Among the most prolific grains on menus today is quinoa. Chefs amping up their salads with this nutty, earthy grain include Jenn Crovato, chef of 1310 Kitchen and Bar in Washington, D.C., whose lunch menu includes a kale, quinoa, and Brussels sprout salad with apple, almonds, pomegranate, and citrus vinaigrette. Also appearing on more menus over the last few years is farro, a wholesome, nutrient-dense ancient grain, according to recent data from Datassential.

  1. Get pickled. People have been pickling vegetables since ancient times, but it’s only recently that these fermented foods have started showing up in earnest on restaurant menus. Including pickled ingredients in salads can add brightness and color, and deliver more of the health and well-being benefits consumers are craving. Plus these versatile ingredients can be used beyond salads and across the entire menu.

Pickled red onions are finding their way on to more menus, including the new winter menu at Just Salad.
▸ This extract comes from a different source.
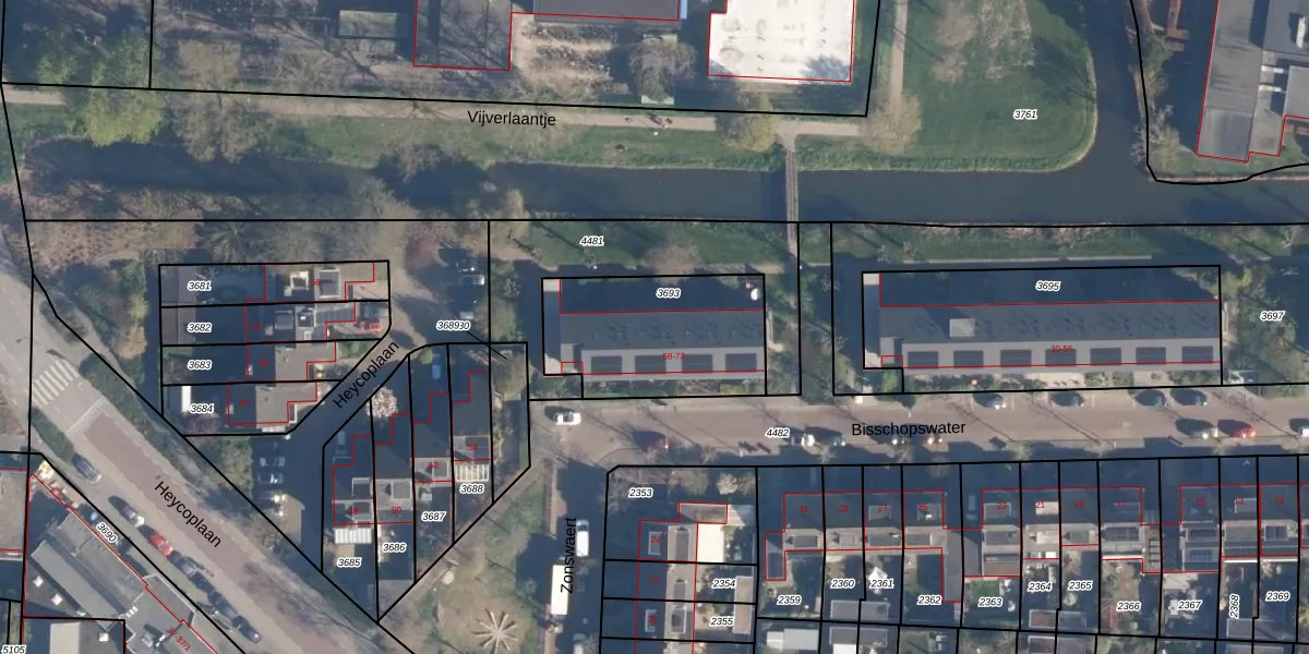 Het perceel waarop Bisschopswater 68 staat heeft een oppervlakte van 608 m². Dit is een groot perceel. De perceeloppervlakte wordt geregistreerd door het Kadaster. Gedetailleerde informatie over de maten van dit perceel kunt u vinden in het rapport Kadastrale kaart met maatvoering van Bisschopswater 68.

The Mediterranean Bowl is made with black lentils, shredded kale and arugula, Greek medley (onion, cucumber, and chickpeas), overnight pickled onions, sliced pepperoncini, spicy harissa pita, crumbled feta, oven-roasted chicken, homemade yogurt-cucumber dressing, and fresh lemon.

  1. Pack on the protein. An October 2023 Forbes Health/OnePoll survey found that nearly half (48%) of adult respondents said improving fitness was their top priority in the new year. Other priorities include losing weight (34%) and improving one’s diet (32%). Menuing salads that include a hefty dose of protein—whether animal- or plant-based—offers an option for those consumers looking for feel-good food to fuel their fitness, weight-loss or dietary goals.

Among the operators hoping to play a larger role in consumers’ wellness efforts is Chipotle. Last year, the Mexican fast-casual chain debuted a line of Lifestyle Bowls, including the aptly named High Protein Bowl. This item is made with white rice, black beans, chicken, tomatillo-red chili salsa, cheese, and romaine lettuce.

“We created seven new Lifestyle Bowls that embrace Gen Z and millennials’ modern interpretation of wellbeing,” CMO Chris Brandt said in a statement.

  1. Hail Caesar (sans romaine). What could be more comforting than a classic Caesar salad made with crisp romaine lettuce and garlicky croutons, tossed in a creamy dressing made with eggs, olive oil, lemon, Parmesan, Worcestershire sauce, and anchovies? According to Datassential’s 2024 Food and Flavor Trend report, it just might be a “Caesar everything: kale, asparagus—anything but romaine.”

Among the restaurants saluting Caesar is Sally, a brick-oven pizza place in Philadelphia with a funky vibe and a selection of hearty small plates that are fit for a meal. Sally’s version of the Caesar is earthy and crunchy, made with kale and garlic breadcrumbs, and topped with an unexpected sprinkling of savory granola.